Lotta comune contro lo spreco alimentare e il cambio climatico

Lo spreco alimentare e la fame non sono connessi da un legame tanto lineare: una serie più profonda di cause, conseguenze e implicazioni rivela come l’emergenza non possa essere risolta soltanto donando il surplus ai bisognosi.

Le statistiche nude e crude non sono sempre facili da comprendere. Per questo, l’Organizzazione delle Nazioni Unite per l’alimentazione e l’agricoltura (FAO) ha prodotto un video in cui mostra le implicazioni nascoste dello spreco alimentare: effetto serra, disastri climatici, deforestazione e siccità sono le conseguenze del fatto che il 30% del raccolto globale viene sprecato. Un totale di circa 700 miliardi di danni ambientali, che condurrebbero a un’emergenza per la fame ancora più estesa. Il cambio climatico è anche una conseguenza dello spreco alimentare.

Una presa di coscienza può segnare l’inizio della lotta contro lo spreco alimentare. Può essere ulteriormente un modo in cui salvare l’ambiente. Oltre ad avanzare questo invito, il video suggerisce alcuni ottimi consigli su pratiche e gesti da introdurre facilmente nella nostra quotidianità. E’ il tempo di agire!


Orange Fiber: gli agrumi di scarto che sostengono la Sicilia

Una giovane e coraggiosa startup italiana combatte lo spreco dell’industria agrumicola attraverso una soluzione che connette l’industria alimentare a quella della moda. L’idea ha subito colpito l’opinione pubblica in Italia e, recentemente, ha raggiunto anche la corona svedese.

Il cibo può avere una seconda vita anche fuori dal piatto.

Basandosi su una profonda conoscenza dei materiali, delle tecniche e del territorio, un sempre crescente numero di aziende e startup sta avanzando proposte innovative per combattere lo spreco alimentare che non passino necessariamente dalla cucina.

Le ragazze di Orange Fiber rappresentano un esempio virtuoso di creatività e imprenditorialità di questo contesto. Il loro obiettivo è quello di connettere l’industria agrumicola italiana con la moda convertendo lo scarto di agrumi (attestato intorno alle 700.000 tonnellate) in un tessuto sostenibile e arricchito di vitamine. L’idea ha catturato sin dall’inizio l’attenzione del pubblico e delle istituzioni, tra cui il Politecnico di Milano e due business angel, che hanno fatto sì che il sogno di Adriana ed Erica prendesse vita in una startup competitiva.

Oltre alla sostenibilità ambientale, la missione di Orange Fiber si concentra sul potenziamento del territorio. La Sicilia, infatti, non è solo la terra d’origine delle due fondatrici, ma anche la location candidata per l’avviamento della produzione. Consapevoli della crisi dell’industria agrumicola e dei bassi tassi di occupazione della regione, Orange Fiber vuole concentrare tutti i suoi sforzi in direzione del territorio, sperando così di portare un impatto positivo sull’economia e la società locale.

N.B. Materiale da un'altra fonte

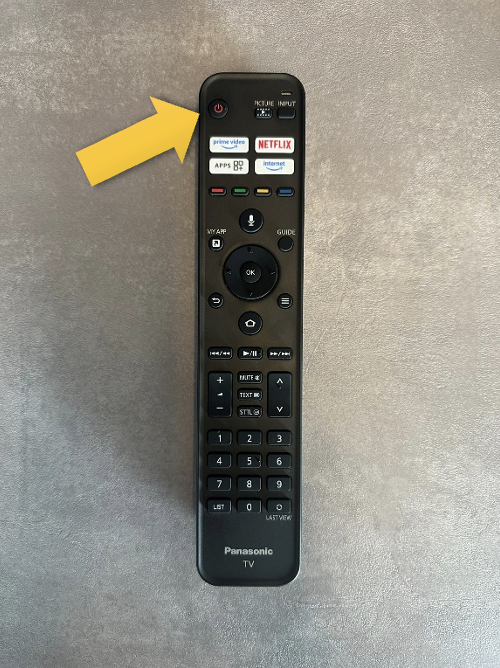 Auf der Fernbedienung des Fernsehers den „An/Aus“-Knopf drücken und warten bis der Fernseher an geht.
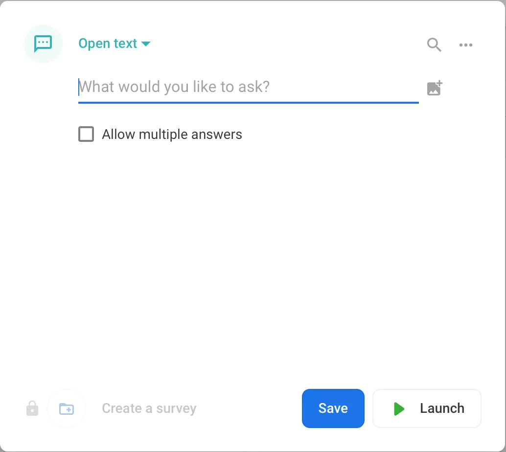 - Word cloudー参加者の回答が「cloud」として可視化される質問を設定する(参加者はOpen textと同様に短文形式で答える)
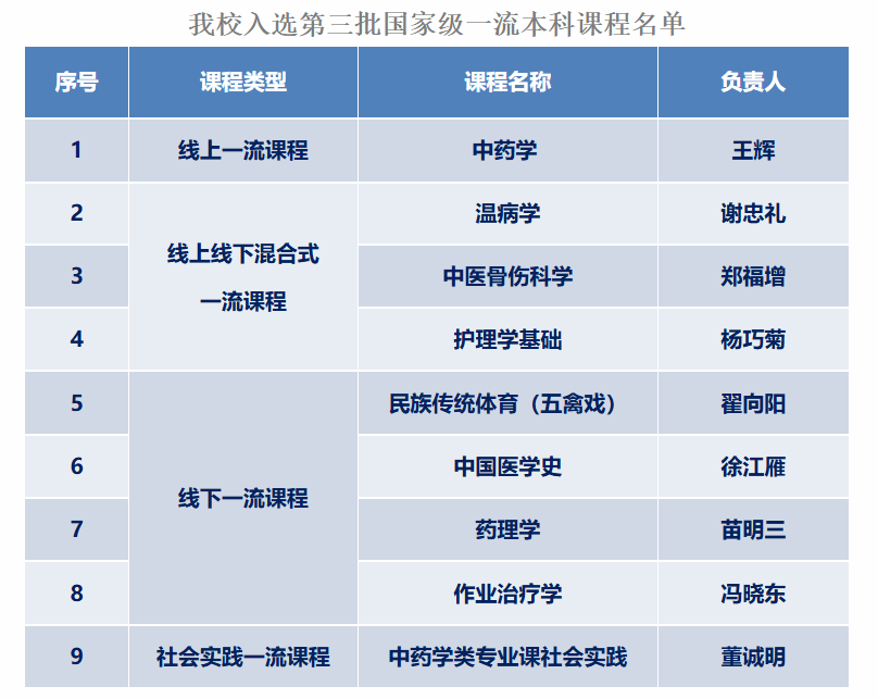 本网讯(文/图 刘宾)日前,教育部发布了《教育部关于公布第三批国家级一流本科课程认定结果的通知》,我校9门课程入选第三批国家级一流本科课程,其中线上一流课程1门,线下一流课程4门,线上线下混合式一流课程3门,社会实践一流课程1门。截至目前,我校共有24门课程入选国家级一流本科课程,建设数量居全国中医药高等院校前列。
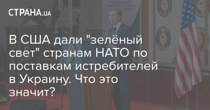 По данным американских изданий, США дали "зелёный свет" передаче Украине боевых самолётов. Об этом сообщил госсекретарь США Энтони Блинкен.

Di recente, Orange Fiber ha vinto il Global Change Award, la gara d’innovazione lanciata dalla H&M Conscious Foundation. Grazie a un premio di 150.000 euro e un anno di supporto e formazione della stessa fondazione, insieme a Accenture e il KTH Royal Institute of Technology di Stoccolma, il progetto sarà sviluppato e potenziato Così da poter espandere la sua rete e crescere in scala.

Premiando Adriana ed Erica, i professionisti della moda presenti in giuria hanno esternato il loro interesse nel potenziale di Orange Fiber e in tutti i benefici che l’idea porterà all’industria della moda. Benefici di cui potrà giovare anche l’industria alimentare, l’ambiente e, soprattutto, l’isola soleggiata al profumo d’agrumi da cui tutto è iniziato.